Curriculum and Educator Programs
XSEDE pursues innovation and collaboration in computational science education.
XSEDE campus visits emphasize the need for computational science education and offer guidance concerning course content
XSEDE campus visits emphasize the need for computational science education and offer guidance concerning course content.
Campus visits bring together faculty, students, and administrators to discuss the importance of having a workforce that is ready to use modeling and simulation, advanced data analysis, and visualization to explore problems in science and engineering, in both academic and non-academic settings.
A typical campus visit consists of a general presentation affirming the essentiality of computational science education and suggesting approaches to inserting the appropriate content into the curriculum. Discussions are held with faculty and administrators about the current curriculum. Some visits are also combined with a half-day workshop on computational thinking.
If your campus is interested in a visit from XSEDE, contact Kate Cahill, XSEDE Education program lead, at firstname.lastname@example.org.
Mission of the Curriculum and Educator Programs
- Prepare the current and next generation of researchers, educators and practitioners
- Create a significantly larger and more diverse workforce in computational sciences
- Expand access to instructional resources through a shared repository and an active community
XSEDE sponsors full-semester online courses taught through collaborations with faculty at participating institutions.
Participating in Collaborative Online Courses
The XSEDE courses consist of recorded lectures that can be watched by students independently or in their own local classrooms. Each lecture comes with built-in quizzes that are used as part of the grading for the course. In addition, several computer exercises are typically available that students can run on XSEDE computational resources to gain practical experience and have credit for the work recorded in their class grade.
The capstone assignment for a course often is a final project supervised by the local faculty members.
The first of these courses is Applications of Parallel Computers, taught by Jim Demmel at the University of California, Berkeley. View the course content.

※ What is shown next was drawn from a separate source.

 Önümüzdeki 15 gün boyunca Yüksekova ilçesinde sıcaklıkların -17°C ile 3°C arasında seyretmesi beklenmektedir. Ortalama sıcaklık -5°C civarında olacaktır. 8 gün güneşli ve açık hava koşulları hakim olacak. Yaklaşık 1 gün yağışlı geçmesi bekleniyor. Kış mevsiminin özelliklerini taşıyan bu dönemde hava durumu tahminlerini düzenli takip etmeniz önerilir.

How Faculty Can Participate
If you are a faculty member interested in collaborating with XSEDE in this program, you will need to create a course in your own academic schedule that your local students can register for and receive credit. You and your students will then use the online materials and XSEDE resources to complete the course.

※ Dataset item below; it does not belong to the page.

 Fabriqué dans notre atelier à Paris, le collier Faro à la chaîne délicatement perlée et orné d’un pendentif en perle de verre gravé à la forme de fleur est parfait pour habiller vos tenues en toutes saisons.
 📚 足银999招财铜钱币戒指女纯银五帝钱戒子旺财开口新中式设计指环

Local faculty who participate in the program meet periodically with the XSEDE instructors and staff to discuss schedules, suggestions for course improvement, and any questions related to operations. The local faculties are responsible for assigning final grades to all of their own students.

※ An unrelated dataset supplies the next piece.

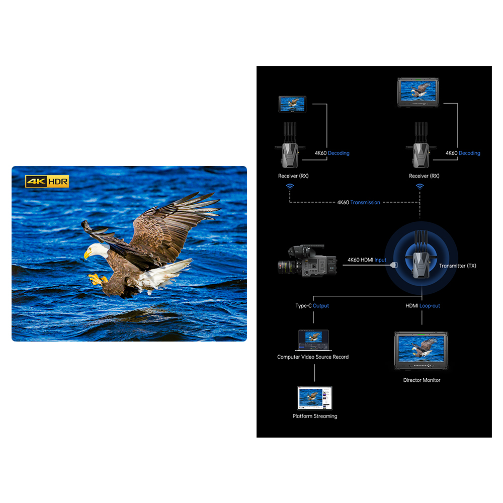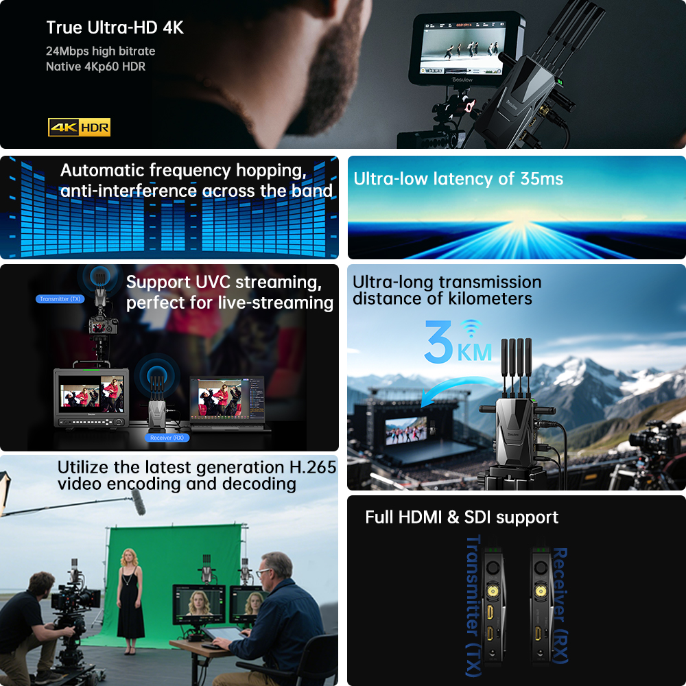 True Ultra-HD 4K Automatic frequency hopping, anti-interference across the band |

XSEDE provides access to the course material, technical support for the computer assignments, and access to XSEDE resources to complete the assignments.
For more information about the XSEDE Collaborative Online Courses program, contact Kate Cahill (email@example.com).
The HPC University website, sponsored by the XSEDE and Blue Waters projects, offers information on opportunities for students and faculty, an index of education and training materials on computational science topics, a list of existing computational science programs, and information on upcoming events, internships, and other opportunities.
List of competencies
XSEDE's Education program provides competencies for undergraduate and graduate level computational science, data science, and scientific computing skills, along with information on model programs that can be used to build or augment academic programs at colleges and universities throughout the United States.
See the current list of competencies.
We work with the faculty and administrators at institutions to integrate computational science into their curricula. These efforts include campus visits and half- or full-day workshops on computational science education as well as assistance in preparing new course and program proposals.
We offer professional development workshops on computational science education for faculty.
See examples of the workshops.
The graph to the left is from an XSEDE14 modeling challenge project. It represents the concentration of a drug in the blood plasma, provided at the appropriate dose to have a therapeutic effect.
The Education program gives students the opportunity to attend the annual PEARC conference, participate in a variety of tutorials and workshops, showcase their research in poster sessions, and collaborate in a day-long computational modelling challenge.